After starting up an operating point and before each measurement, a stable cell condition considering OCV, temperature distribution within the ceramic cell holder as well as outlet gas composition was waited for. Depending on the gas composition, this stabilization period could last up to 1 h. For each operating point, a detailed electrochemical analysis was conducted by means of current-voltage curves as well as EIS analyses at OCV and several load levels. Cell characteristics were compared at 300 mA/cm2 electric load. Temperatures on the anode side within the ceramic cell holder were measured at OCV, full-load and intermediate load after a stabilization period. Equilibrium calculations for each operating point were conducted using the Gibbs energy minimization method, thus helping to interpret changes in cell characteristics. Changes in the cell performance were analyzed by comparing following parameters with each other:

  1. 1.

    The LHV representing the energy content of the fuel gas.

  2. 2.

    The OCV as electric potential difference between anode and cathode at zero load for a defined gas mixture. Especially for wet gas mixtures resulting in low activation polarization and a linear current-voltage correlation in the low load range, the OCV represents the performance potential of the cell for a specific fuel gas mixture [21]. Considering a simultaneous electrochemical oxidation of H2 and CO according to Eq. (6), the OCV can be described by the Nernst equation (see Eq. (7)) using following parameters: F as the Faraday Constant; Rm as molar gas constant; nel as the number of electrons used for the H2 and CO oxidation reaction (nel = 4); ΔRGm0 as the molar standard Gibbs enthalpy of reaction as well as γsti as the stoichiometric coefficients of the reactants and products of Eq. (6); pi as the partial pressure of H2, CO, H2O and CO2 on the anode side and O2 on the cathode side as well as p0 as the standard pressure. The direct electrochemical oxidation of CH4 plays a minor role compared with the CO and H2 oxidation according to [10]. Therefore, it is neglected in the Nernst equation (see Eq. (7)).

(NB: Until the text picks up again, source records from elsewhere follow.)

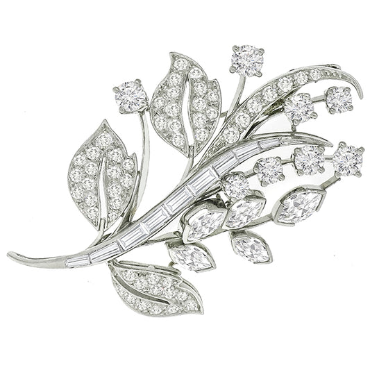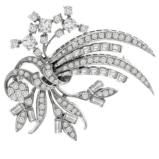 1950s 2.50ct Round Marquise and Baguette Cut Diamond 18k White Gold Floral Pin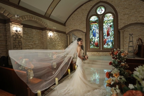 ・ステンドグラスの前でベールがなびいているような、ベールショットはマスト!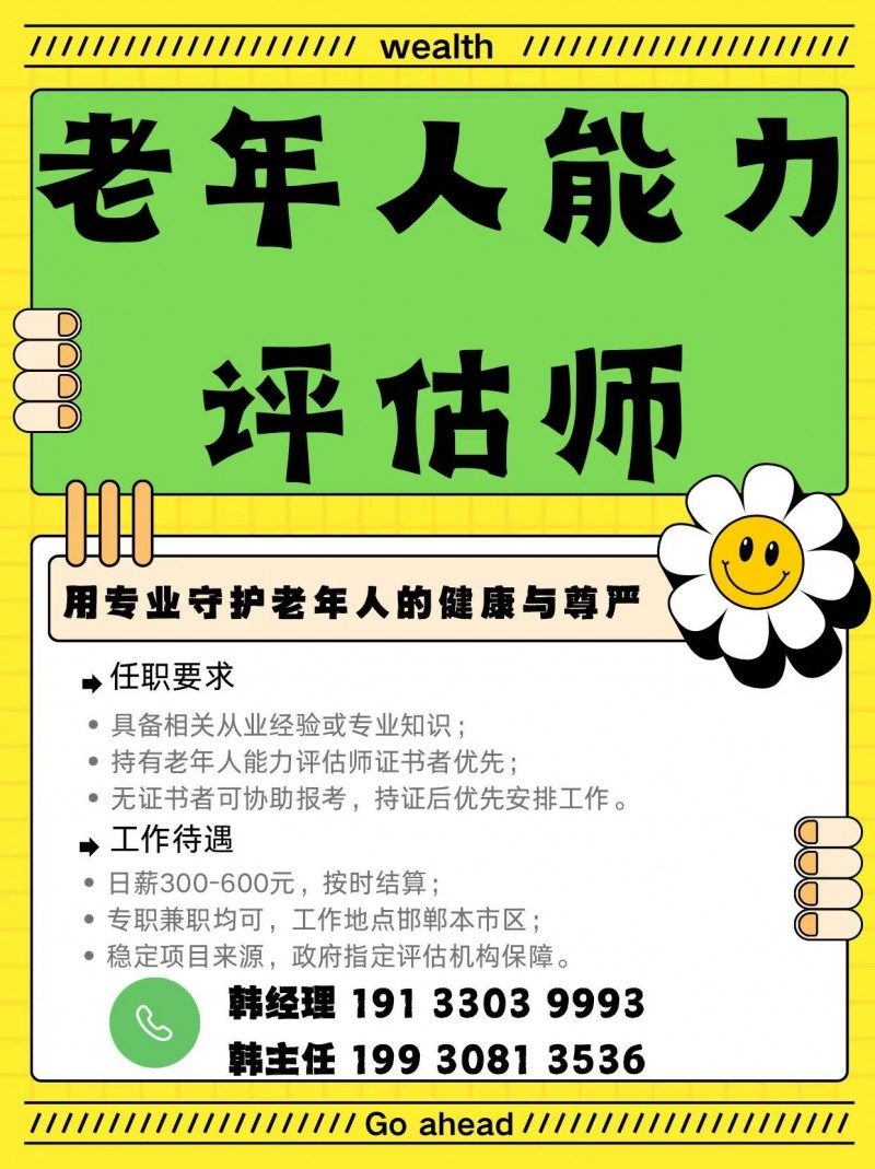 我司为政府指定评估机构,诚招老年人能力评估师。

$$ {\displaystyle \begin{array}{c}{H}_2+ CO+{O}_2\Rightarrow {H}_2O+C{O}_2\\ {}{\varDelta}_R{H_m}^0=-525 kJ/ mol\end{array}} $$
(6)
$$ \mathrm{OCV}=\frac{-{\Delta }_{\mathrm{R}}{G_{\mathrm{m}}}^0}{F\ {n}_{\mathrm{el}}}-\frac{R_{\mathrm{m}}\ T}{F\ {n}_{\mathrm{el}}}\ln \prod \limits_{\mathrm{i}}{\left(\frac{p_{\mathrm{i}}}{p_0}\right)}^{{\gamma^{\mathrm{st}}}_i} $$
(7)
  1. 3.

    The cell voltage response U to a current density i of 300 mA/cm2 as an indicator for the electrical power output. It can be described according to Eq. (8) and Fig. 4a as the OCV minus the sum of voltage losses ΔUloss from ohmic and polarization resistance of the cell RΩ and RPol, respectively.

Fig. 4
figure 4

EIS spectrum representing cell resistances and the impact of these resistances on a current-voltage curve [21]

$$ U=\mathrm{OCV}-{\Delta U}_{\mathrm{loss}}=\mathrm{OCV}-i\ A\ \left({R}_{\Omega}+{R}_{\mathrm{Pol}}\right) $$
(8)

Polarization losses are defined as the sum of losses related to reaction activation (activation polarization) and mass transport limitations (concentration polarization) as shown in Fig. 4b.

  1. 4.

    The area specific resistance (ASR) at a current density i of 300 mA/cm2 representing the sum of all losses within the cell according to Eq. (9), therefore representing the slope of a linear current-voltage curve.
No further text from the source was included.